Causes of childhood adult chronic myeloid leukemia

(1) Causes of the disease

The etiology of most patients is unknown. Ionizing radiation is the only clear risk factor for ACML. It is reported that among the Japanese nuclear explosion survivors, the incidence of ACML has increased sevenfold, and the incidence of young people is the highest among this group, especially 5 In children under the age of CML, CML is a malignant tumor involving hematopoietic stem cell line. It is believed that CML is mainly caused by inhibition of cell apoptosis. Chronic leukemia is less in childhood, accounting for 3% to 5% of childhood leukemia. For chronic myeloid leukemia, the clinical manifestations of chronic myeloid leukemia in children are significantly different from those in adult chronic myeloid leukemia.
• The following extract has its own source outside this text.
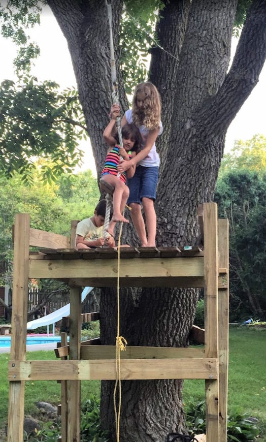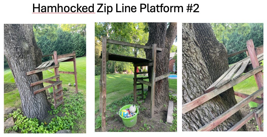 You would think that my skill in zip line building would increase, but it didn’t. This is the launch platform I built when we later moved to Madison, WI (not so pretty):
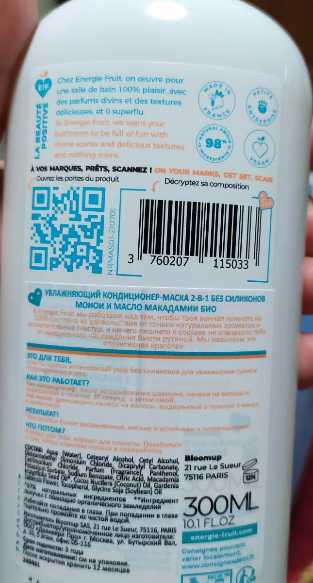 ENERGIE FRUIT Увлажняющий кондиционер-маска 2-в-1 без силиконов МОНОИ и МАСЛО МАКАДАМИИ БИО 300 мл

Therefore, chronic myeloid leukemia in children is generally divided into juvenile and adult types. Type, family, infant type, adult type IV, of which family type and infant type have similar performance, but often occur in close relatives. In 1974 Smith et al. classified children with chronic myeloid leukemia into three types: 1 adult Type; 2 family type; 3 juvenile type.

(two) pathogenesis

CML has a characteristic Philadelphia chromosome (ph) t (9; 22) (q34.1; q11.21) to fuse the proto-oncogene c-abl on chromosome 9 with the bcr gene on chromosome 22. The bcr-abl chimeric gene is a gene marker for malignant clones. This marker is present in the granulocyte, erythroid, megakaryocyte and lymphoid lines of CML patients, indicating that the lesion occurs at the level of hematopoietic stem cells, and the chimeric gene is transcribed -8.5 Kb mRNA, encoding the fusion protein-P210 bcr/abl, which plays an important role in the pathogenesis of CML by inhibiting the apoptosis delay of leukemia cells. Because it is a malignant proliferation of pluripotent hematopoietic stem cells, the granules are red. Department, megakaryocytic and other multi-line involvement, blast crisis can be converted to lymphocytic leukemia, about 85% of children with CML have Ph1 chromosome, ie t (9; 22), for Ph1 chromosome negative, using molecular biology techniques It can be divided into two subtypes: bcr recombination (Ph-bcr CML) and no bcr recombination (Ph-ber-CML). The former clinical symptoms are similar to those of Ph1 chromosome positive, and the latter clinical symptoms are not typical.

Prevention

Adult adult chronic myeloid leukemia prevention

1. Avoid contact with harmful factors Pregnant women and children should avoid exposure to harmful chemicals, ionizing radiation and other factors that cause leukemia. When exposed to poisons or radioactive materials, various protective measures should be strengthened; avoid environmental pollution, especially indoor environmental pollution; Rational use of drugs, caution with cytotoxic drugs.

2. Vigorously carry out prevention and treatment of various infectious diseases, especially viral infectious diseases, and do a good job of vaccination.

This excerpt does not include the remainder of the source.